Beak Woosun, Park Jihun, Ji Suk
Department of Dental Public Health, Ajou University Graduate School of Clinical Dentistry, Suwon, Republic of Korea.
Department of Dentistry, Gyeonggi Provincial Medical Center Suwon Hospital, Suwon, Republic of Korea.
Heliyon. 2024 Jun 5;10(11):e32496. doi: 10.1016/j.heliyon.2024.e32496. eCollection 2024 Jun 15.
This study aimed to investigate the performance and reliability of data-driven models employing correlational feature analysis and clinical validation for predicting periodontal disease.
The 7th Korea National Health and Nutrition Examination Survey ( = 10,654) was used for correlation analysis to identify significant risk factors for periodontitis. Periodontal prediction models were developed with the selected factors and database, followed by internal validation with 5-fold cross-validation and 1000 bootstrap resampling. External validation was conducted with clinical data ( = 120) collected through self-reported questionnaires, clinical periodontal parameters, and radiographic image analysis. Predictive performance was assessed for logistics regression, support vector machine, random forest, XGBoost, and neural network algorithms using the area under the receiver operating characteristic curves (AUC) and other performance metrics.
Correlation analysis identified 16 features from over 1000 potential risk factors for periodontitis. The best data-driven model (XGBoost) showed AUC values of 0.823 and 0.796 for internal and external validations, respectively.
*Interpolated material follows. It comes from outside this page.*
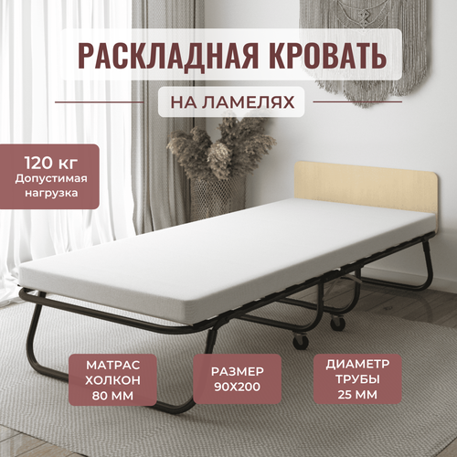В разложенном состоянии имеет размеры полноценной односпальной кровати (ДхШхВ) 2000*900*340 мм. Размеры раскладушки в сложенном состоянии 910*910*340 мм. В комплект входят каркас раскладушки с подголовником, матрас. Материалы, из которых изготовлена раскладушка: • каркас - стальная труба 25х25 мм, толщиной 1мм, покрытая черной полиэфирной порошковой краской, • основание под матрас – березовые ламели размером 80х35х8 мм с пластиковыми латодержателями, • изголовье – ламинированное ДСП, цвет венге, • чехол для матраса – ткань микрофайбер, дополнительно с внутренней стороны простеган с синтепоном, на «молнии». • наполнитель матраса – Hollcon (холкон). Это нетканный материал на основе полиэфирных волокон, скрепленных под действие температуры, без применения клея. Поэтому является гипоаллергенным. Быстро восстанавливает форму после нагрузки. Толщина матраса 80 мм. Максимальная допустимая нагрузка на раскладушку (включая вес человека, матраса, подушки, одеяла, постельного белья) 120 кг. Для удобства перемещения в помещении раскладной кровати установлены 4 (четыре) колеса. Вес раскладушки 18,8 кг. Для фиксации в сложенном виде прилагается лента-контакт (липучка). Внимание! Перед эксплуатацией требуется сборка: необходимо установить изголовье, колесики и стяжки. Мы продаем раскладушки собственного производства.
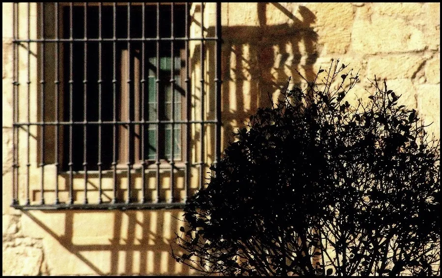 Sagrada celosía, la rejería salmantina, religiosa y profana, se despliega en hermosos balaustres, en frisos y remates plenos de imaginería. Es la crestería, la ola de la espuma en un plateresco que no solo sabe de piedra y de canteros. La ventana enrejada, ver y apenas tocar, nada más, nos deja un regusto de misterio, sabor de metal en la boca, sangre de la herida que mana tras el afilado bisturí de su flecha. Qué hermosa la prohibición de la clausura, la celosía del secreto, la geometría de la curva. Y el objetivo de Amador, mirada atenta, hace un arabesco en el aire, hermosa perspectiva de un arte milenario que nos hizo humanos, la espada, la reja del arado, el hierro medular del que todos estamos hechos.

Modeling with clinical data revealed those same measures to be 0.836 and 0.649, respectively. In addition, the data-driven model could predict other clinical periodontal parameters including severe bone loss (AUC = 0.813), gingival bleeding (AUC = 0.694), and tooth loss (AUC = 0.734). A patient case study about prognostic predictions revealed that the probability of periodontitis can be reduced by 6.0 % (stop smoking) and 0.6 % (stop drinking) on average.
Data-driven models for predicting periodontitis and other periodontal parameters were developed from 16 risk factors, demonstrating enhanced prediction performance and reproducibility in internal-external validations.
本研究旨在调查采用相关特征分析和临床验证的数据驱动模型在预测牙周疾病方面的性能和可靠性。
使用第七次韩国国民健康与营养检查调查(n = 10654)进行相关性分析,以确定牙周炎的重要风险因素。利用选定的因素和数据库开发牙周预测模型,随后通过五折交叉验证和1000次自助重采样进行内部验证。通过自我报告问卷、临床牙周参数和影像学图像分析收集的临床数据(n = 120)进行外部验证。使用受试者操作特征曲线下面积(AUC)和其他性能指标评估逻辑回归、支持向量机、随机森林、XGBoost和神经网络算法的预测性能。
相关性分析从1000多个潜在的牙周炎风险因素中确定了16个特征。最佳数据驱动模型(XGBoost)在内部和外部验证中的AUC值分别为0.823和0.796。用临床数据建模显示这些指标分别为0.836和0.649。此外,数据驱动模型可以预测其他临床牙周参数,包括严重骨丧失(AUC = 0.813)、牙龈出血(AUC = 0.694)和牙齿脱落(AUC = 0.734)。一项关于预后预测的患者案例研究表明,平均而言,牙周炎的概率可通过戒烟降低6.0%,通过戒酒降低0.6%。
基于16个风险因素开发了用于预测牙周炎和其他牙周参数的数据驱动模型,在内部-外部验证中显示出增强的预测性能和可重复性。